It's ironic that one of the most famous right wing assertions of white cultural supremacism was Saul Bellow's "Where is the Tolstoy of the Zulus?"

I'm reading Anna Karenina now, and it's all about how bogus an assertion like this would be. Tolstoy is focused in many sections on demonstrating that brilliant ideas and creativity not only can come from anywhere, but do, and that it is our assumptions about gender and class, in particular, that determine which kinds of brilliant ideas get documented and celebrated.

So while the gravity-related experiments of Galileo were astonishingly brilliant and able to spread widely, we in this Western-dominated world just have no idea how many other people, on different continents and at different times, conduced their own experiments on gravity, in ways both similar and different to Galileo.
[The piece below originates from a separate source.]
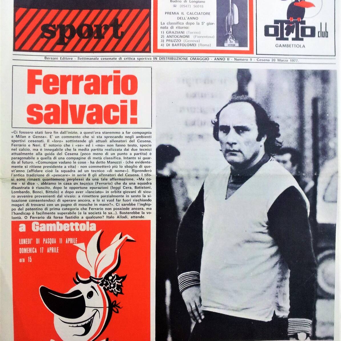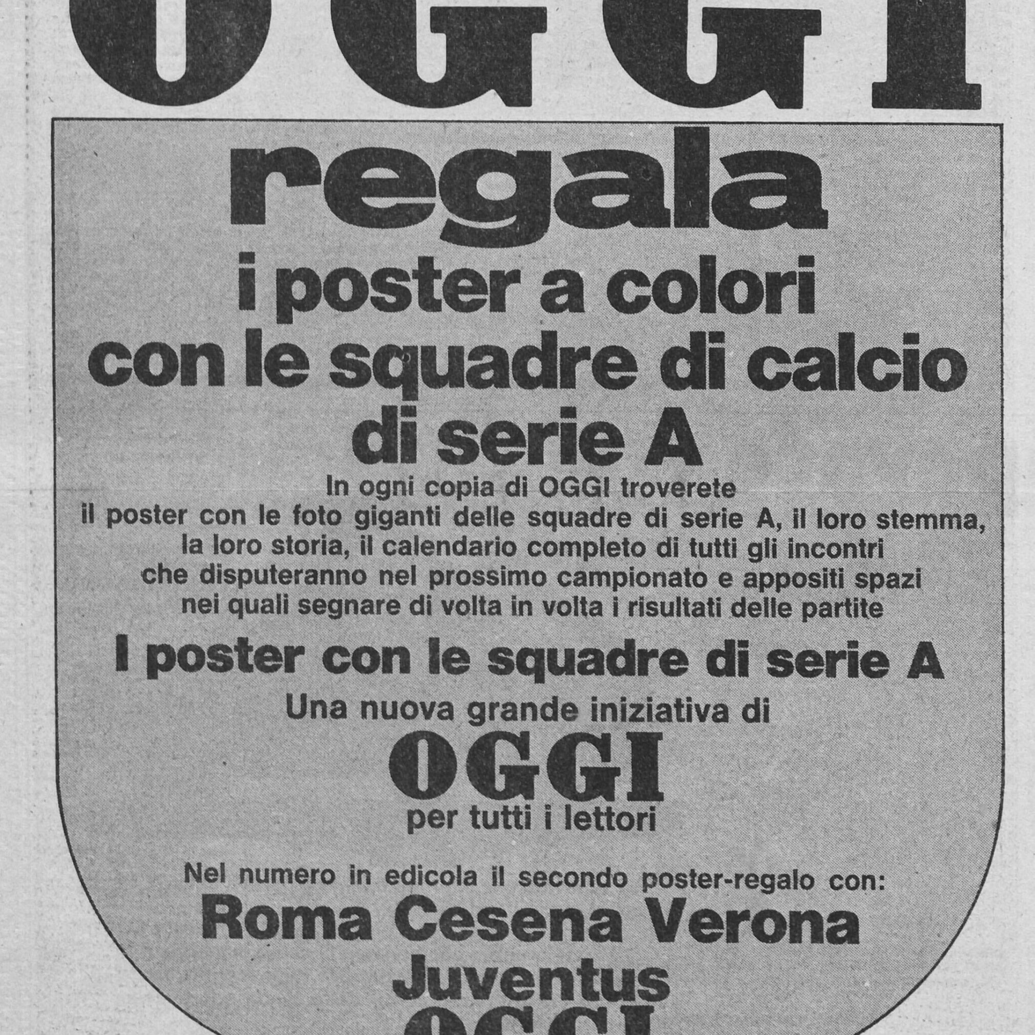 Stadio 17 ottobre 1976 pubblicità rivista Oggi in uscita in edicola con poster del Cesena 1976-77
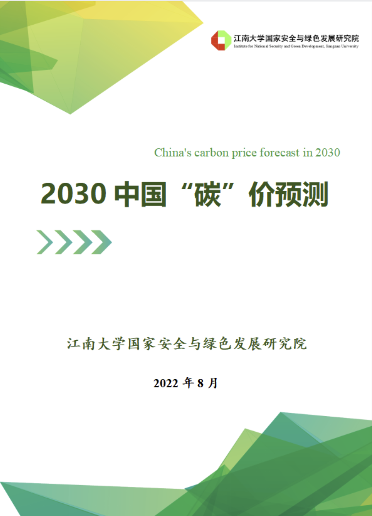 tyc33455cc太阳成集团国家安全与绿色发展研究院团队《2030中国“碳”价预测》报告

But even more importantly, we know nothing of nearly all of the other great works produced outside the West, because our systems of recognizing, spreading and reproducing great work themselves were built in the course of building Western power. Most statues in Europe and the United States glorify someone famous, in part, for killing people; few recognize brilliant teachers, transcendent builders of community, gifted doctors and healers, heroic midwives, phenomenal matchmakers or astonishingly productive experimenters with wild herbs. And we certainly don't know more than a tiny sliver of history's most brilliant epic poems, folktales, speeches, songs, sermons, and stories.

That is not to say -- not to say at all -- that the impact of those great creators isn't with us. It is with us, crucially, essentially. All of those things have been necessary to build the modern world, to create its health and spectrum of culture and depth of experience and breadth of imagination.

I'm deeply indebted to Ta-Nehisi Coates and Barbara Fields for helping me begin to break down my own programming around race. Coates wrote about the Bellow quote in Between the World and Me, excerpted in his post, "Tolstoy Is the Tolstoy of the Zulus".

Coates writes:

And now I looked back on my need for a trophy case, on the desire to live by the standards of Saul Bellow, and I felt that this need was not an escape but fear again—fear that “they,” the alleged authors and heirs of the universe, were right.

And this fear ran so deep that we accepted their standards of civilization and humanity.

They made us into a race. We made ourselves into a people. But not all of us.

It must have been around that time that I discovered an essay by Ralph Wiley in which he responded to Bellow’s quip. “Tolstoy is the Tolstoy of the Zulus,” wrote Wiley. “Unless you find a profit in fencing off universal properties of mankind into exclusive tribal ownership.”

And there it was. I had accepted Bellow’s premise. In fact, Bellow was no closer to Tolstoy than I was to [17th century queen] Nzinga.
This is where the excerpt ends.